Donald Trump was “persistent” in his efforts to get the Department of Justice to discredit the results of the 2020 presidential election, according to closed-door Congressional testimony delivered on Saturday by Jeffrey Rosen, who was the acting Attorney General during Trump’s final weeks in office.

The Washington Post reports that “Rosen said he had to “persuade the president not to pursue a different path” at a high-stakes January meeting in which Trump considered ousting Rosen as the nation’s most powerful law enforcement officer.”

Rosen added, “But as to the actual issues put to the Justice Department, DOJ consistently acted with integrity, and the rule of law held fast.” He claimed to have told Trump that he was “misinformed or wrong,” about the 2020 election.

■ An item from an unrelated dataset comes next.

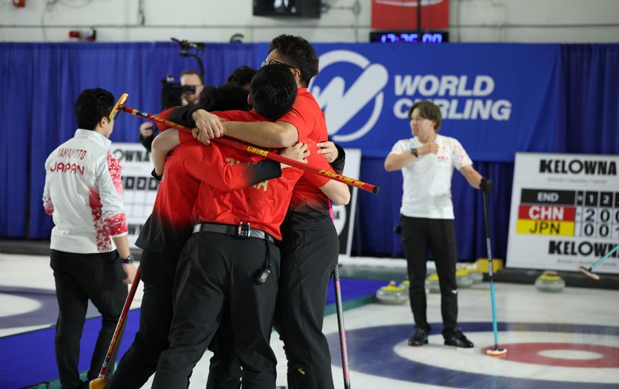中國男子冰壺隊在資格賽最後一戰中戰勝日本隊,壓哨獲得奧運資格(視覺中國)

Judiciary Committee Chairman Sen. Dick Durbin (D-IL) said Rosen’s testimony revealed a “frightening” behind the scenes campaign to undermine democracy.

“[Rosen] was being asked by the White House, the leadership in the White House, to meet with certain people who had these wild, bizarre theories of why that election wasn’t valid. And he refused to do it,” Durbin told CNN.

The Justice Department watchdog and congressional investigators are probing the actions of Trump and Jeffrey Clark, then the acting head of the DOJ’s civil division, in their efforts to keep Trump in office. According to The New York Times, Clark pushed “top leaders to falsely and publicly assert that continuing election fraud investigations cast doubt on the Electoral College results. That prompted Mr. Trump to consider ousting Mr. Rosen and installing Mr. Clark at the top of the department to carry out that plan.”

The Washington Post adds:

Two weeks ago, Congress obtained and released handwritten notes from Rosen’s deputy, Richard Donoghue, who participated in phone calls with Trump and Rosen in which the president urged them to cast doubt on the integrity of the election. Donoghue’s notes describe Trump telling him and Rosen to “just say the election was corrupt [and] leave the rest to me” and Republican lawmakers. They also describe Rosen and Donoghue saying claims of election fraud did not appear to have merit.

Appearing on MSNBC on Friday morning, conservative lawyer George Conway called Trump’s pressure campaign on the DOJ “absolutely one of the most dangerous moments in American history.” (watch above).

He added, “The DOJ, if it hasn’t already … should begin a criminal investigation.”